There are many ups and downs ahead in the energy transition process.
Perpetual is supporting AustralianSuper’s call for a higher offer, but the question is what it might be prepared to settle for.
It is arguing that the outlook for Origin is now significantly better than it was last year when the takeover talks started.
Energy prices have risen, there is a clearer focus on the role of gas in Australia’s energy transition process and the advantages of Origin’s own position as a market leader in both customer numbers and gas peaking generation.
It has a very different portfolio of assets from the more coal-dependent AGL.
Expectations are that Origin’s NSW coal-fired power station Eraring might have a longer life than expected.
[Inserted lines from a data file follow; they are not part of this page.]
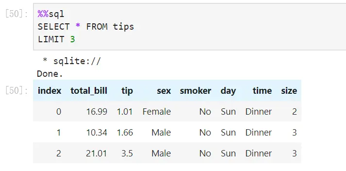 接下来就是快速采用之前用 Seaborn 加载的 tips 的数据集来构建我们的数据库:
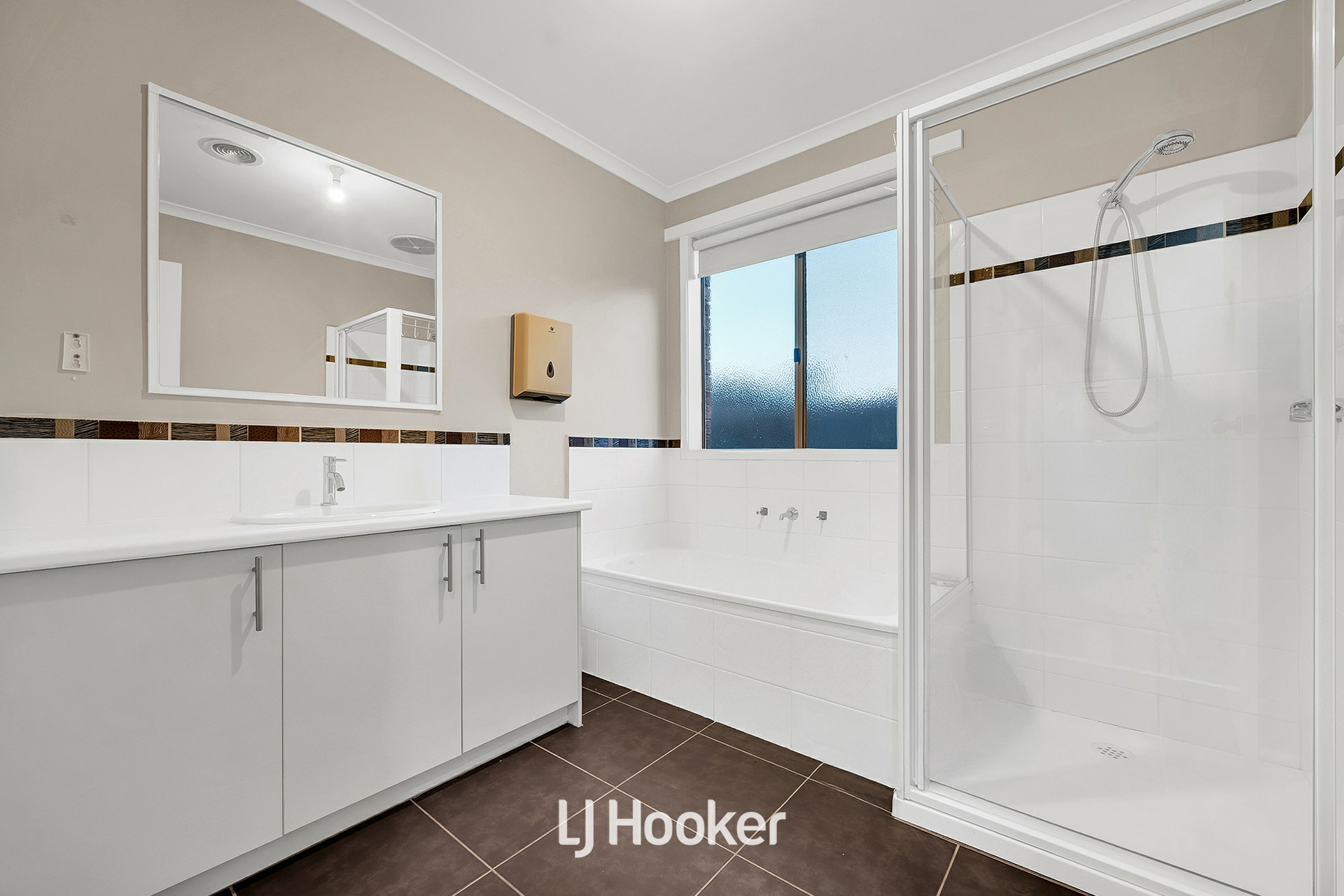 -Two sleek bathrooms
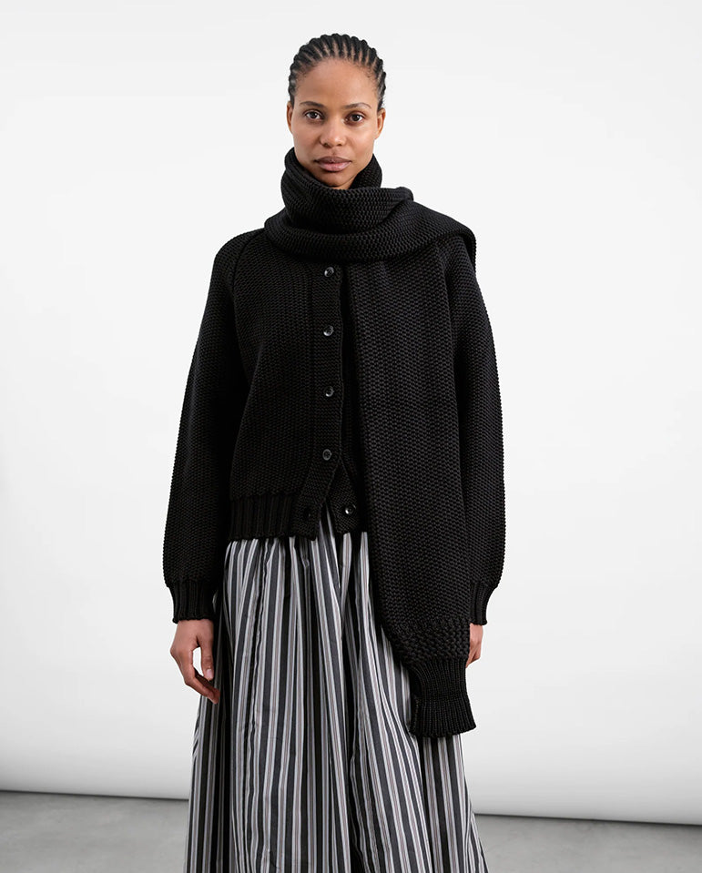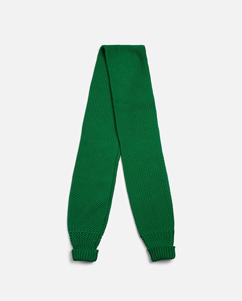 Long knitted scarf crafted in a chunky rickrack knit from cotton yarn. Designed with a sleeve-like tubular design and rib knit cuff with racking detail.
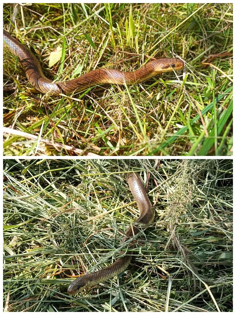 Mit großer Wahrscheinlichkeit war es eine Äskulapnatter – eine Würgeschlange und für Menschen völlig ungefährlich. Also keine Panik, Leute 😉
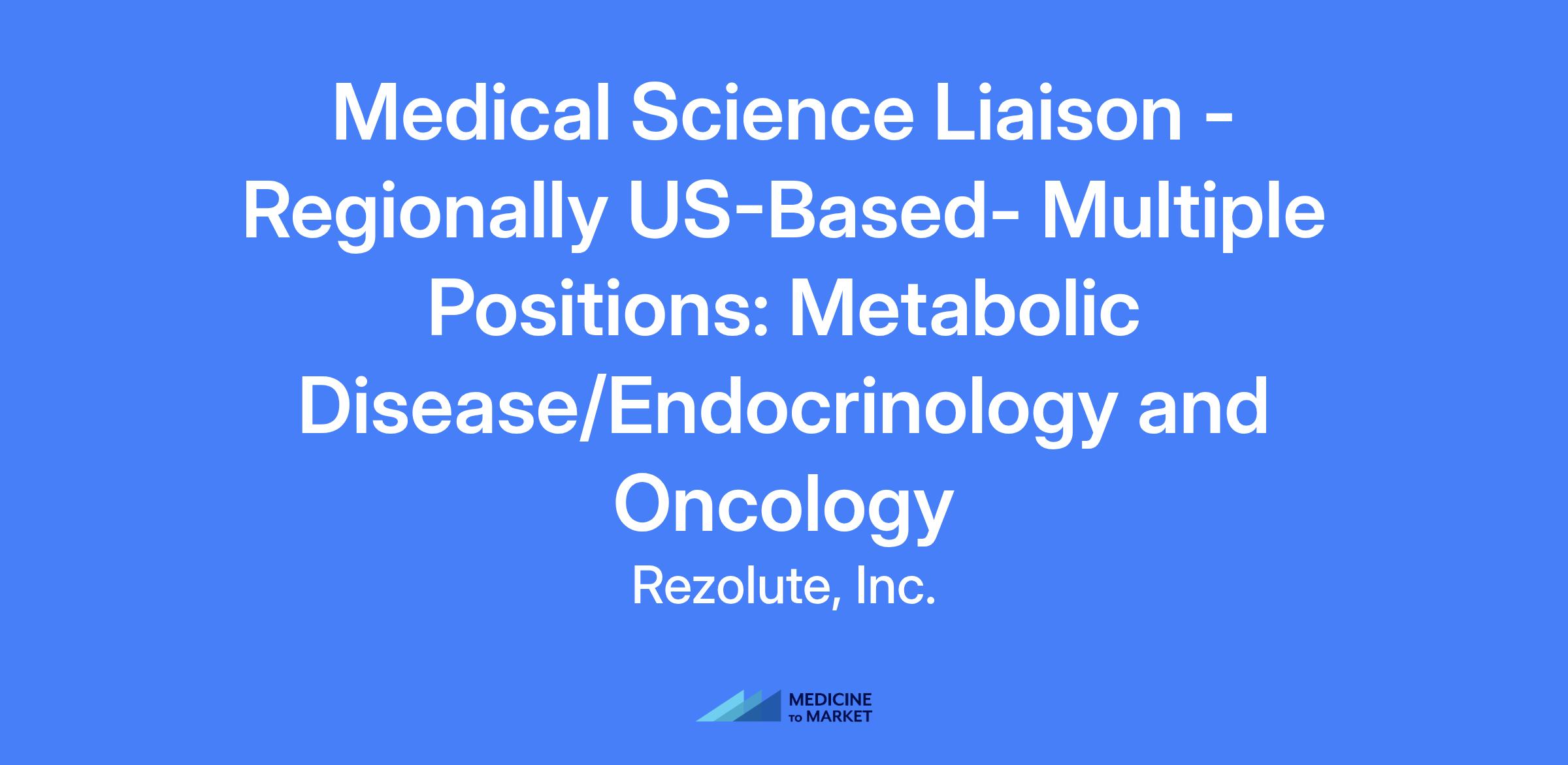 Medical Science Liaison (MSL) responsible for developing and enhancing professional relationships with medical thought leaders within metabolic and oncologic spaces. Provides medical information through scientific exchange and clinical/scientific support for Rezolute and the Medical Affairs department, interacting with global thought leaders and academic centers of excellence.
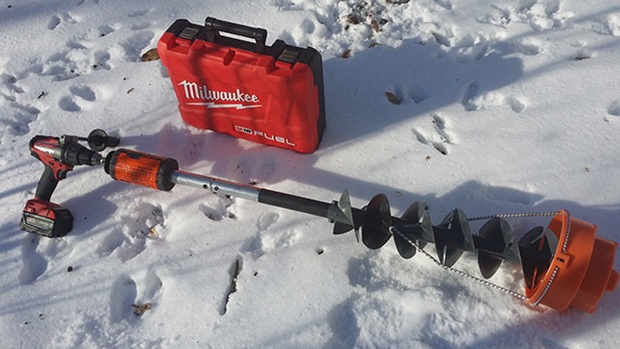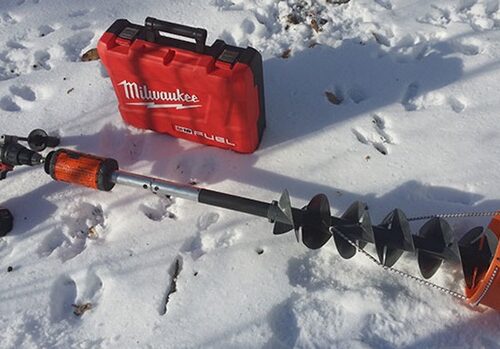 The sturdy aluminum constructed Auger Shaft with thermal wrap helps keep hands warm. Extensions are available too. K-Drill requires a 1/2” drill. The auger is adaptable for attachment to certain gas auger heads.
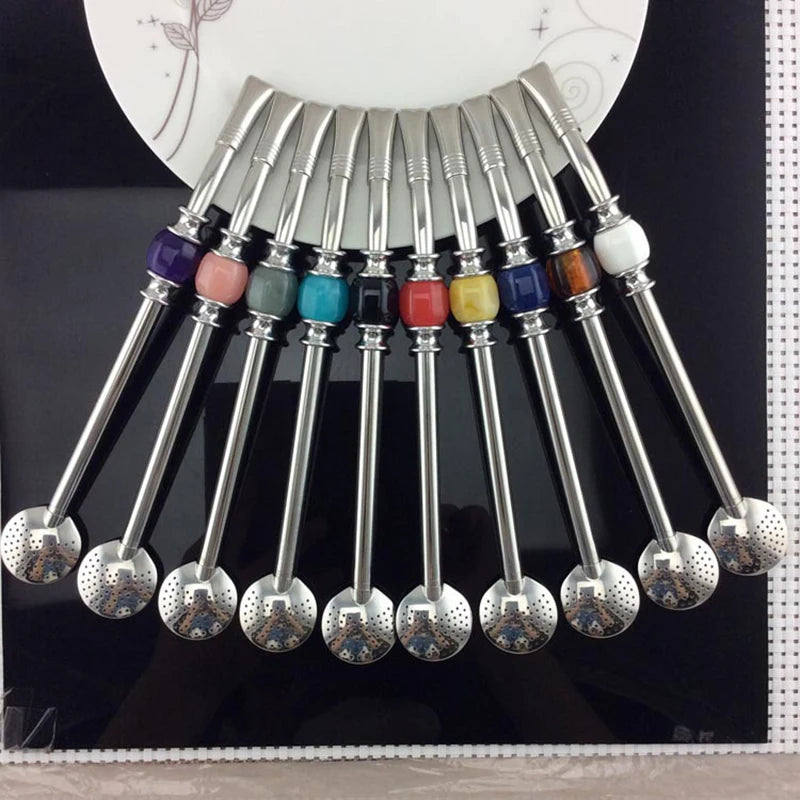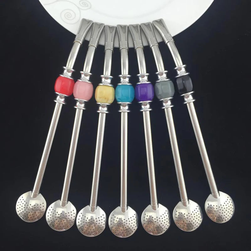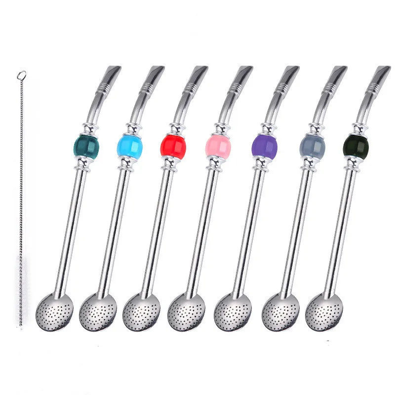 Edelstahl Trinkhalm mit Löffel und Tee-Filter für wiederverwendbaren Genuss
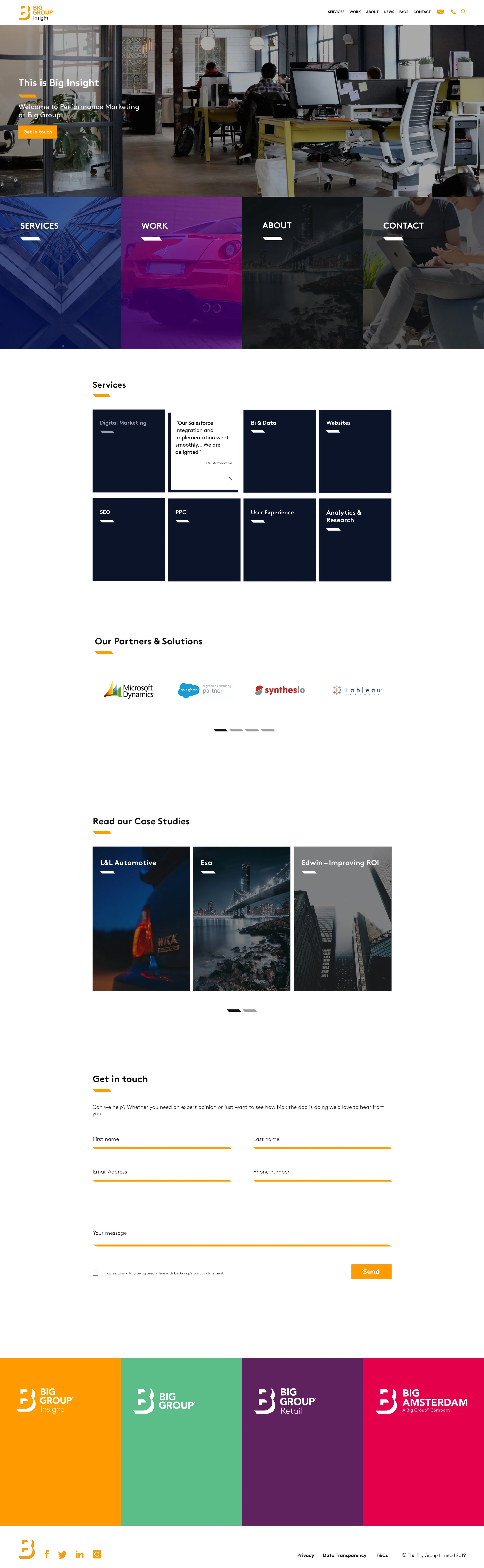The Big Group were expanding and needed a webpage to include the next part of its extension, Insight. The only difference was that this webpage consisted of many levels to branch off to different parts of the Big Group company website as a whole. more to follow
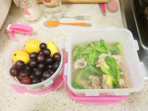 我放的是生菜,我是每天晚上做好第二天中午的午餐,煮的时间比较短。因为第二天在公司还要加热。时间根据食材来决定。一般控制在30分钟内就可以!排骨用酒烧过会非常嫩!
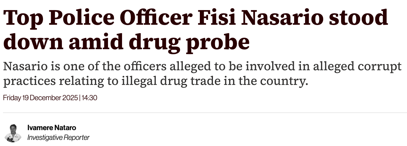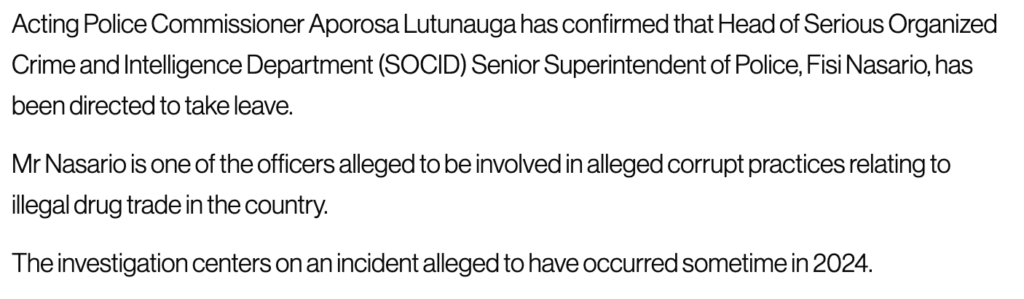 It also comes as the allegations of police involvement in the drug trade by the Sydney-based whistle-blower, Alexandra Forwood, have claimed their first scalp – the suspension of one of the nation’s most senior police officers, Fisi Nasario, the Head of the Serious Organised Crime and Intelligence Department (SOCID) (also see below)
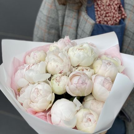 Большой авторский букет из французских и пионовидных роз с маттиолой с эвкалиптом
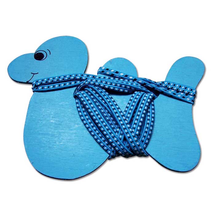 Farbiges Gummiband für zahlreiche Hüpfspiele. Schön und zweckmäßig: zur Aufbewahrung wird das Gummiband um die Holzfigur gewickelt – kein Verknoten mehr!
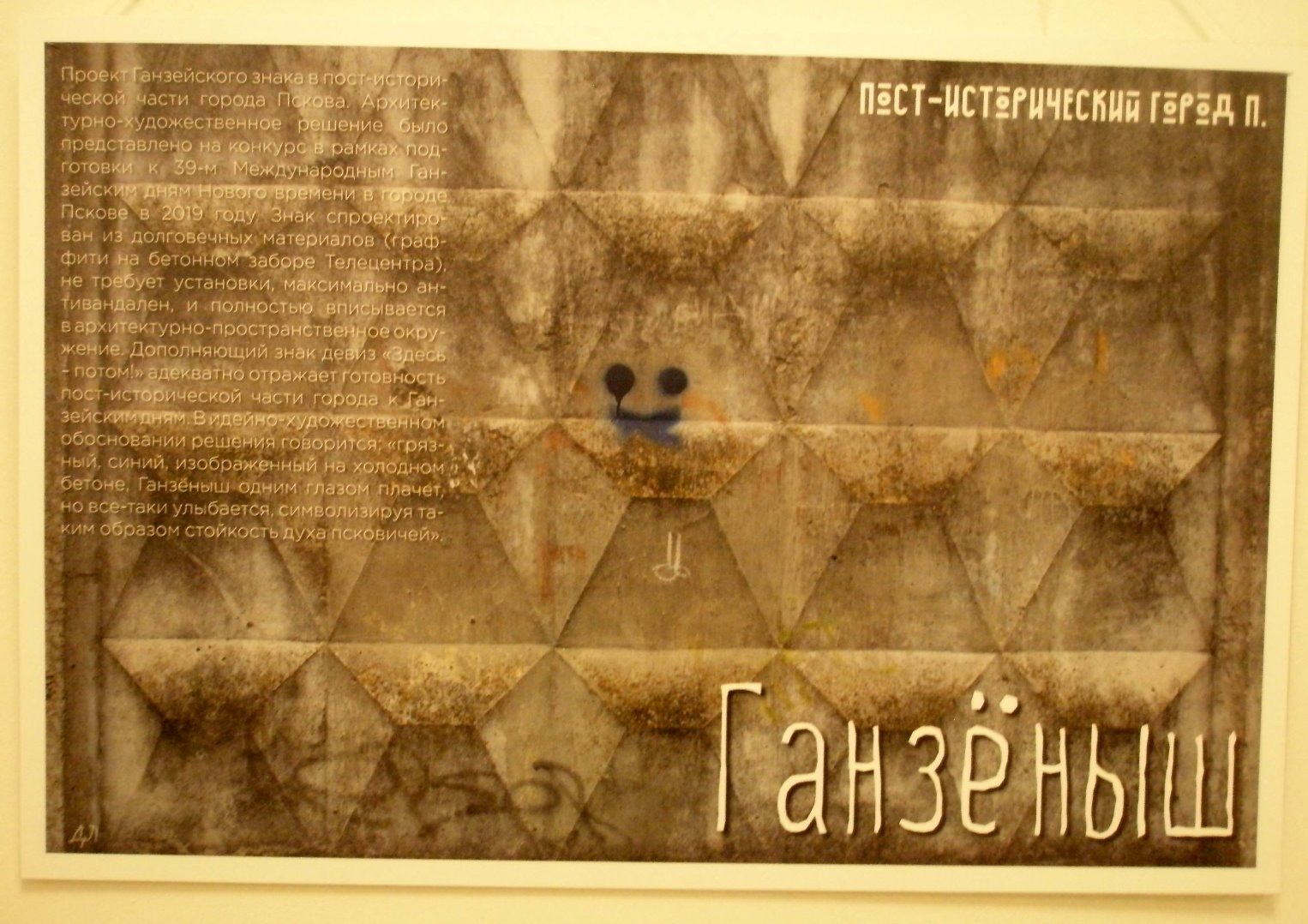 Или взять проект «Ганзёныш», в основе которого фотография бетонного забора псковского телецентра. На нём создатели «Объятий Родины» разглядели знак, как будто специально сделанный к 39-м Международным Ганзейским дням, которые пройдут в городе П. в 2019 году. Характеристика знака такая: «Грязный, синий, изображённый на холодном бетоне. Ганзёныш одним глазом плачет, но всё-таки улыбается, символизируя, таким образом, стойкость духа псковичей».
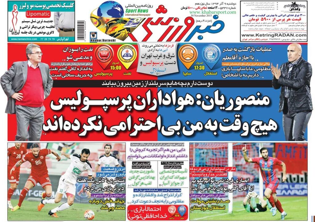 ۱۰ سال گذشت| منصوریان: هواداران پرسپولیس هیچ وقت به من بیاحترامی نکردهاند FYEieHvgyy 3 hours ago عکس جلد روزنامه خبرورزشی در تاریخ ۹ آذر سال ۱۳۹۴ را ملاحظه میکنید.
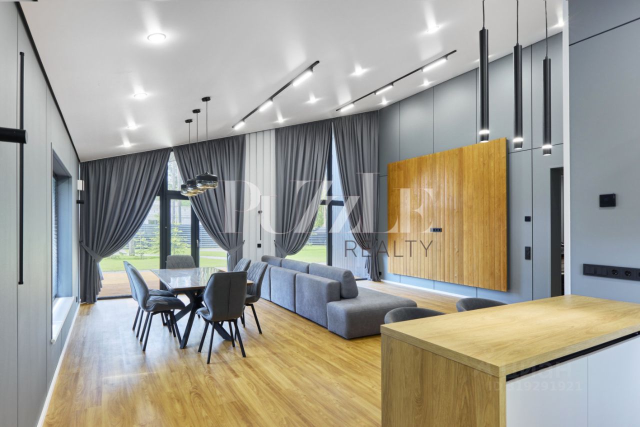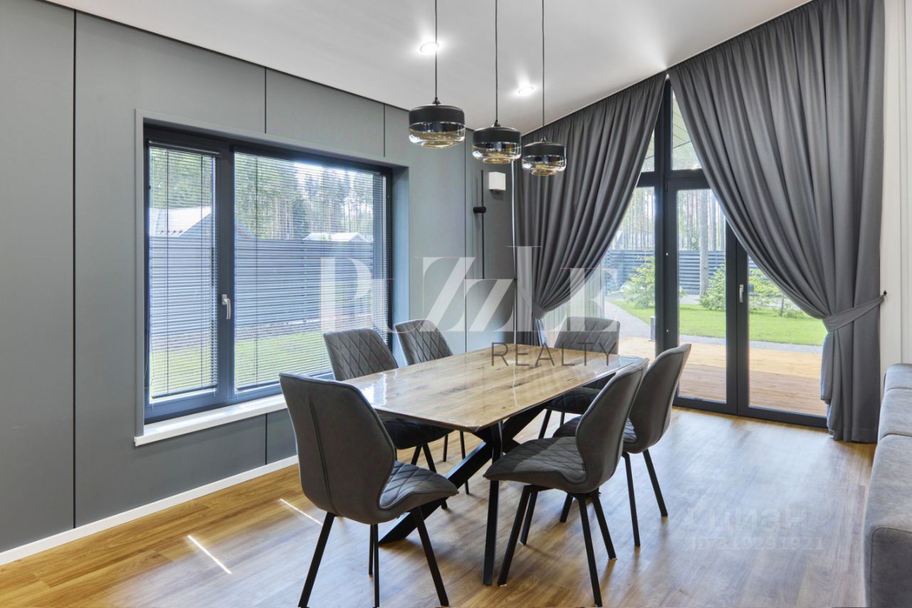 О доме: площадь 270 м, включая просторные террасы 70 м, стильная архитектура и современный дизайн, большая кухня-гостиная с панорамными окнами в пол и камином, три спальни, каждая со своей гардеробной, мастер-спальня с собственным санузлом, кабинет для работы или хобби, просторный санузел с финской сауной.
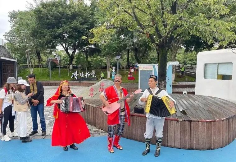▲四川成都天府新区华阳街道安公社区,居民在排练节目。周宛霖摄
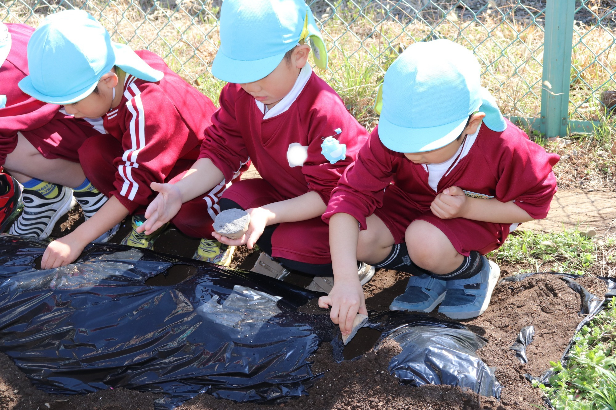 運動会や日常の保育中にケガなどしないように先生と子どもたちが全員協力して園庭の石拾いをしました! 安心して走ったり遊んだりしようね!

There is also an increasing recognition of the value of its 20 per cent stake in UK renewable energy focused energy supplier Octopus Energy.
Its Kraken energy tech platform, which is used by Origin, is winning new contracts.
Britain’s second largest energy retailer, Octopus recently bought the UK and German retail energy businesses of Shell, giving it an extra two million customers.
Origin’s stake in the Australian Pacific LNG project in Queensland is also attractive given the continued strong global demand for LNG.
The high stakes game, which will be decided in the next few weeks, will come down to Brookfield’s assessment of whether AustraliaSuper has the power to block the deal and how much it is prepared to pay for its acceptance.
The bid needs acceptance by 75 per cent of shareholders who vote at the EGM.
With analysts generally estimating that only around 80 per cent of shareholders who can vote at an EGM actually do, it means AustralianSuper’s voting power could be seen as a bit higher than 14 per cent.
Having made its views clear with its statement this week, AustralianSuper is now expected to be having conversations with like- minded investors about joining the no camp.
It could even consider upping its stake a little more to increase its leverage in the deal.
Meanwhile, back in North America, the bidders will be going back to their own investors to see how many more billions they are prepared to put on the table between now and November 23.
There may be a fine calculation in the amount needed to get the 75 per cent shareholder support, knowing that some shareholders will be keener than others to take the money and run.
With no other bidders on the horizon, the question for more passive investors is how low the share price will fall if the bidders walk away – a view the Origin board have clearly taken with their support for the deal.
The future of one of the country’s key energy companies and its assets is at stake – with potentially very different outcomes for all stakeholders.